SUPPLIED DATA:
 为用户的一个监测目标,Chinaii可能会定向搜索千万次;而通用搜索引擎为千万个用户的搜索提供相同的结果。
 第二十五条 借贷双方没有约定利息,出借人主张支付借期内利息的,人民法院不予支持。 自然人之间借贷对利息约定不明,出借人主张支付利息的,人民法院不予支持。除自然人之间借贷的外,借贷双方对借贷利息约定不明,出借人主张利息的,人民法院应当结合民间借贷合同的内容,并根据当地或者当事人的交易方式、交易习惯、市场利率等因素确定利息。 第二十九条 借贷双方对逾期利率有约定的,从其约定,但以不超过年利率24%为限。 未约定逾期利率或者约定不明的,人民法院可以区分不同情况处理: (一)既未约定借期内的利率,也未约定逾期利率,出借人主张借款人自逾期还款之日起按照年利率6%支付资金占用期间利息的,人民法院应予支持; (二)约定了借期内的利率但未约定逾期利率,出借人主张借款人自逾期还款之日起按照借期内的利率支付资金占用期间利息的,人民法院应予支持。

==

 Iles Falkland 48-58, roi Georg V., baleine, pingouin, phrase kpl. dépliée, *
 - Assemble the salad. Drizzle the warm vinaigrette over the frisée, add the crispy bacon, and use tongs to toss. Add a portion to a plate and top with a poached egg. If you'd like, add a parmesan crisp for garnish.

WHAT IS EXPECTED:
From the records above, give again exactly the lines running from the line with "Iles Falkland 48-58, roi" to the line with "- Assemble the", inclusive.

RESPONSE TO THE EXERCISE:
 Iles Falkland 48-58, roi Georg V., baleine, pingouin, phrase kpl. dépliée, *
 - Assemble the salad. Drizzle the warm vinaigrette over the frisée, add the crispy bacon, and use tongs to toss. Add a portion to a plate and top with a poached egg. If you'd like, add a parmesan crisp for garnish.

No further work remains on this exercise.